Preseason. A time of dissecting plays, parsing statements from coaches and players, analyzing film, reanalyzing film, and examining goat entrails in the hope of figuring out how your favorite team will do. There are seemingly hundreds of things to go over. Some have major impact, others minor, but all add up in the end to form the whole of the team.
One thing a team wants to avoid is penalties. Yellow flags are probably the third biggest drive killer for an offense, after turnovers and quarterback sacks (OCC did one of his superb mathematical analyses on this a while back). And they can take the wind out of the sails of a stiff defensive effort by giving a gift first down to the opponent. Obviously getting penalized is never a good thing.

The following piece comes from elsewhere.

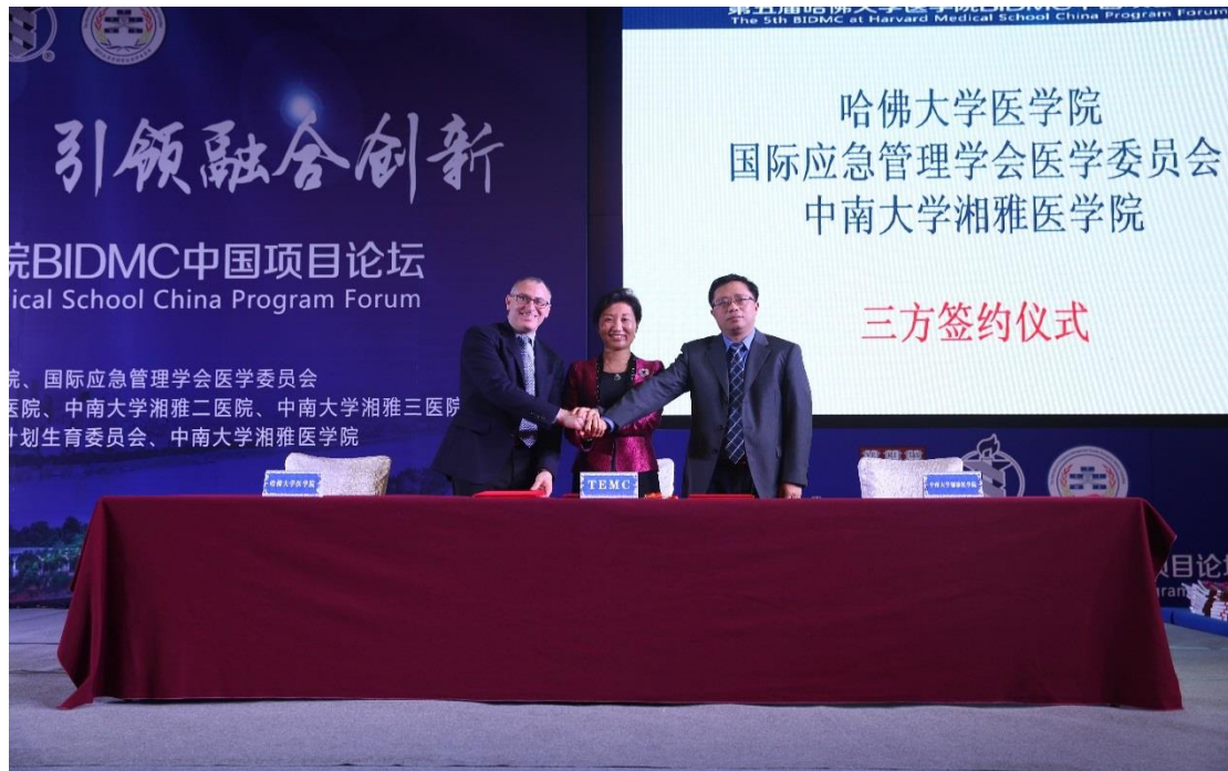
HMS, TEMC and XiangYa Medical School of Central South University signed the tripartite cooperation agreements

Something I noticed after the Denver game was that the Cowboys had only been penalized six times. This struck me as a pretty good number for a preseason game, which often see a higher than normal number of flags due to all the second and third stringers playing. I am hoping that the trend continues because I think it will mean good things for the regular season.
Why I feel that way after the jump.
Jason Garrett is placing an emphasis on cutting down the penalties down, as Brandon noted in an article a while back. He has had referees working practices in training camp to make sure the team is learning how to keep those flags tucked away. I believe I read that the zebras have been there since the first day of camp. I would assume that at least some of the motive is the memories we all share of Wade's patented look of befuddlement when an untimely call nullified a good play last year. That happened far too often for my liking.
Just to make sure, I went and checked the stats on team penalties last year. Dallas was tied for 26th in the league with Arizona with 6.8 per game. That means that the first preseason game is already an improvement. I did a minor bit of number crunching, and looked at the average number of penalties for playoff teams versus teams that didn't get into the postseason. The 12 playoff bound teams averaged 5.7 flags a game, while the 20 that stayed home for the postgame had a 6.7 average, or one penalty a game more. Given the state of parity that exists and the number of close games that happen, that differential might be fairly important. One of those drive killers or freebie first downs at the end of a game could mean the difference between a win and a loss.
Of course, all that might seem self evident. But this is the preseason, remember, and I got to thinking a little more about what it all means. In Brandon's article, his overall theme was how the team is concentrating on the fundamentals. It fits in with the overall view of the Jason Garrett Cowboy Way, of having discipline and focus in all facets of the game. This includes practice as well as the actual play on the field. To me, seeing that first game being played cleaner than the average game last year was an encouraging sign. It is evidence that the new coaching philosophy is gaining traction and that the entire team is buying in.
This is another indicator I am going to be watching as the preseason winds on. It fits my particular approach to Garrettology, which looks for the little things that extend across the various positions and roles. Penalties are part of all three phases of the game, offense, defense and special teams. I believe that if this kind of thing is getting taken care of, then the chances are good that the bigger things are also improving. The discipline to not commit an infraction goes hand in hand with getting your blocking assignment right, running the right routes, staying in your lane, and making the right read.
I don't know for sure if this is a really good sign to watch for. Everyone has their favorite things they like to consider, and this is just one of mine. Maybe it is just a form of reading tea leaves. But that, after all, is what preseason is all about.